[Records drawn from a dataset]
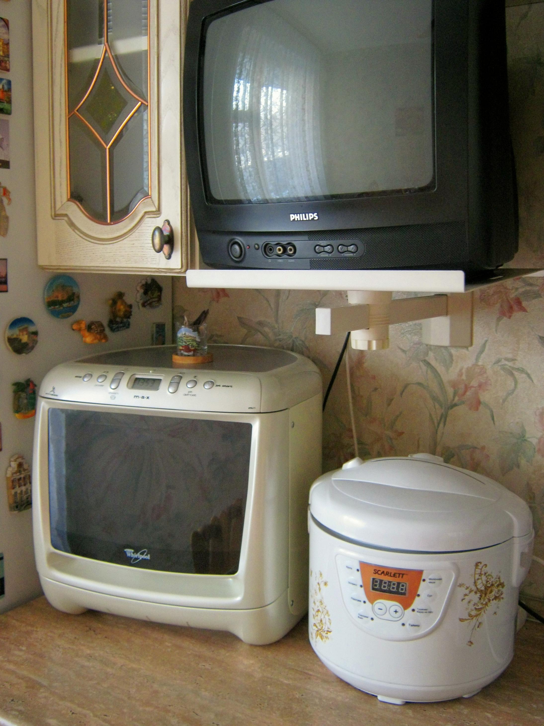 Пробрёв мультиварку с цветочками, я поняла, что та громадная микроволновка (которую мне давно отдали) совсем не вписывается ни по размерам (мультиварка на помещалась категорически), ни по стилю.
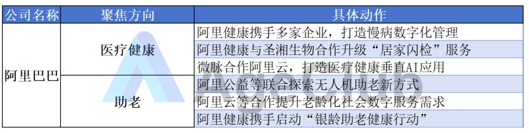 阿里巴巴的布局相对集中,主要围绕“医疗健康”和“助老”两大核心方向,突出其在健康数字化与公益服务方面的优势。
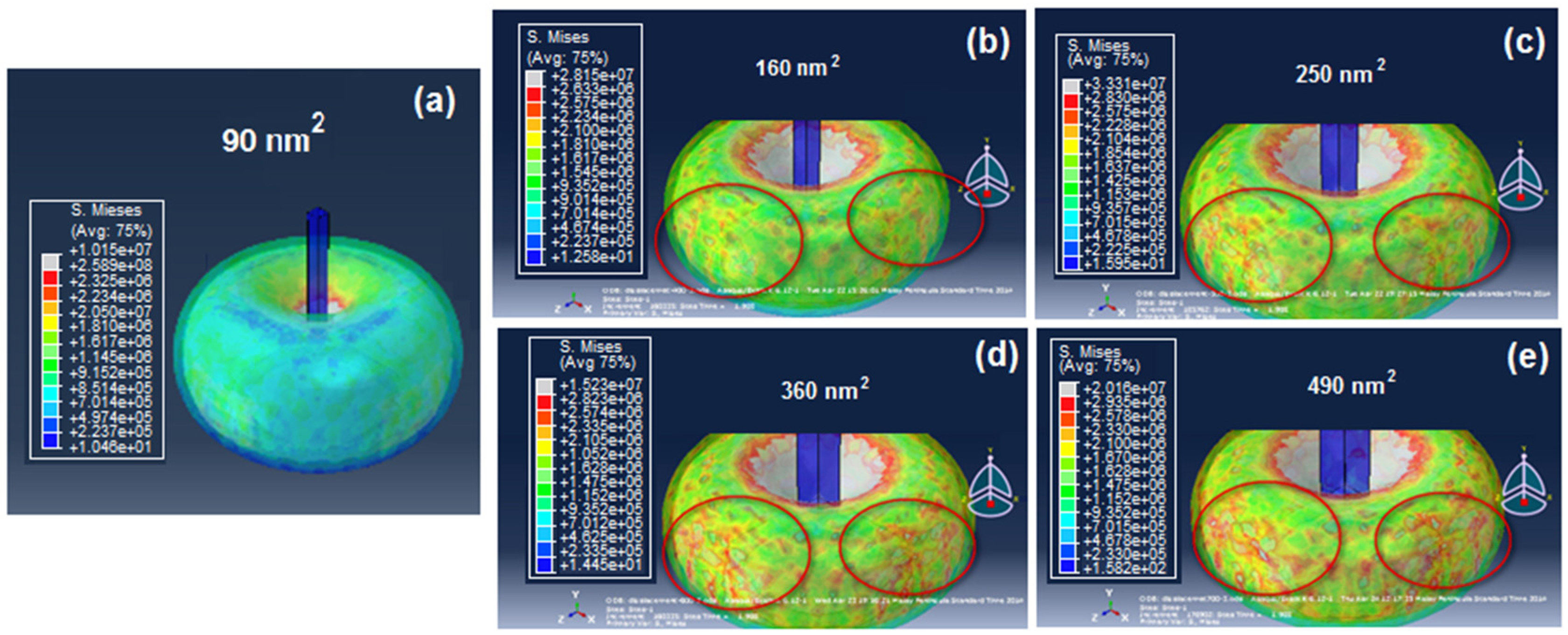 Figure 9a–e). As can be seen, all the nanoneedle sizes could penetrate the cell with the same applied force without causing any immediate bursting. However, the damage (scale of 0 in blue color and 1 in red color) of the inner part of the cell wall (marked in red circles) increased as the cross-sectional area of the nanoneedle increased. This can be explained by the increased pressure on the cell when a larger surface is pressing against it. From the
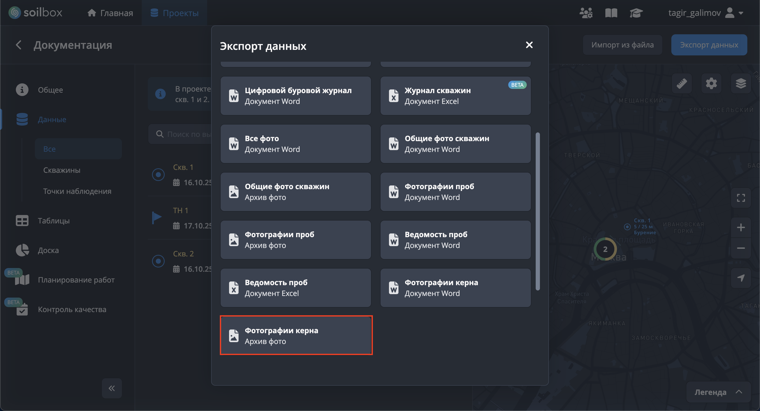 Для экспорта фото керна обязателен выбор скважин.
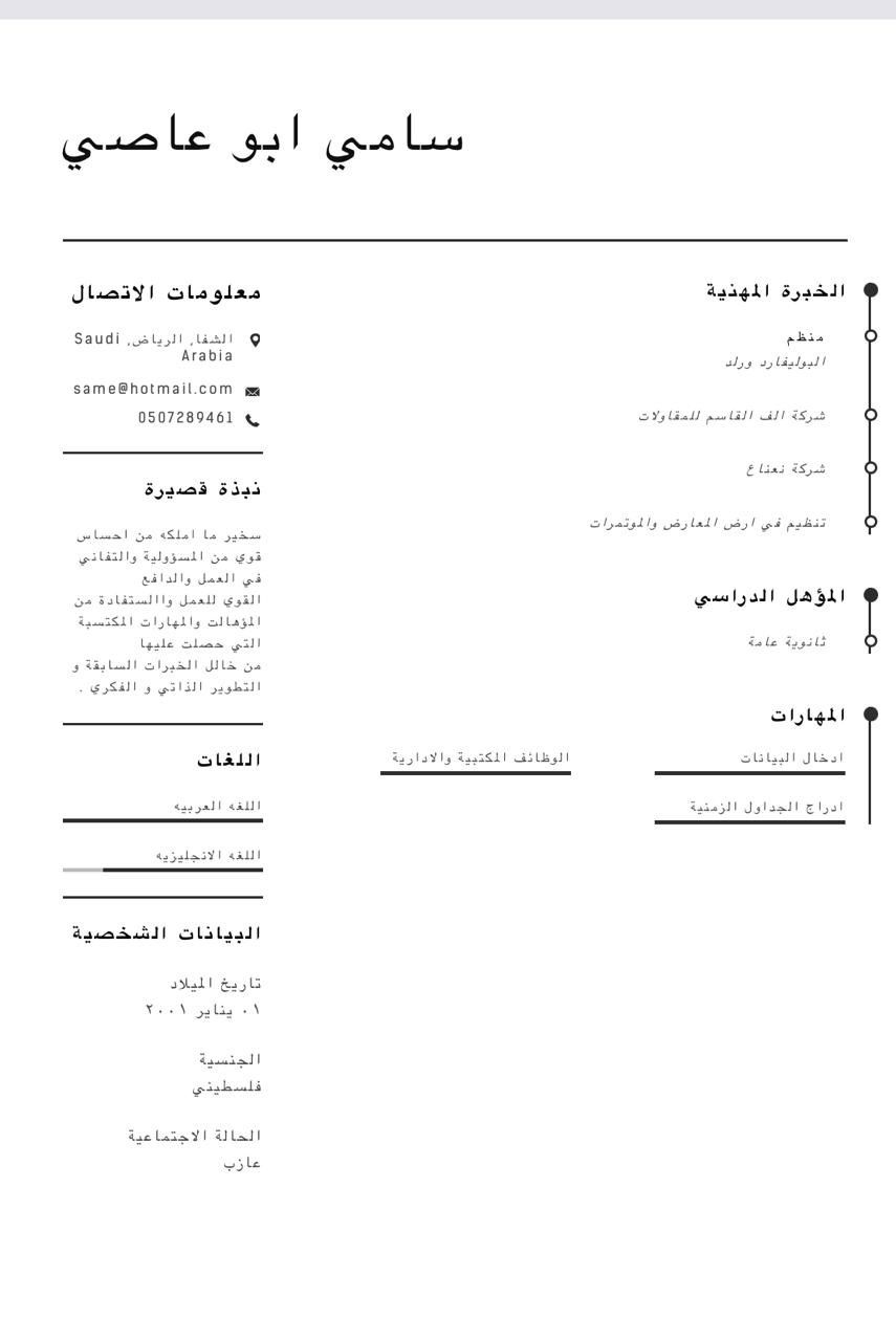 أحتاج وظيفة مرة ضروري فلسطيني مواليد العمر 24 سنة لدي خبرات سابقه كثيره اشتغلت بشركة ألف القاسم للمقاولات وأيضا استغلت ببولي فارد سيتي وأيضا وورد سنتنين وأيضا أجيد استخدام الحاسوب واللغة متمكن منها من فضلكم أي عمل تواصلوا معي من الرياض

» **TASK ITEM**: Except for the pictures, give the data again word for word.

» **EXERCISE ANSWER**:
 Пробрёв мультиварку с цветочками, я поняла, что та громадная микроволновка (которую мне давно отдали) совсем не вписывается ни по размерам (мультиварка на помещалась категорически), ни по стилю.
 阿里巴巴的布局相对集中,主要围绕“医疗健康”和“助老”两大核心方向,突出其在健康数字化与公益服务方面的优势。
 Figure 9a–e). As can be seen, all the nanoneedle sizes could penetrate the cell with the same applied force without causing any immediate bursting. However, the damage (scale of 0 in blue color and 1 in red color) of the inner part of the cell wall (marked in red circles) increased as the cross-sectional area of the nanoneedle increased. This can be explained by the increased pressure on the cell when a larger surface is pressing against it. From the
 Для экспорта фото керна обязателен выбор скважин.
 أحتاج وظيفة مرة ضروري فلسطيني مواليد العمر 24 سنة لدي خبرات سابقه كثيره اشتغلت بشركة ألف القاسم للمقاولات وأيضا استغلت ببولي فارد سيتي وأيضا وورد سنتنين وأيضا أجيد استخدام الحاسوب واللغة متمكن منها من فضلكم أي عمل تواصلوا معي من الرياض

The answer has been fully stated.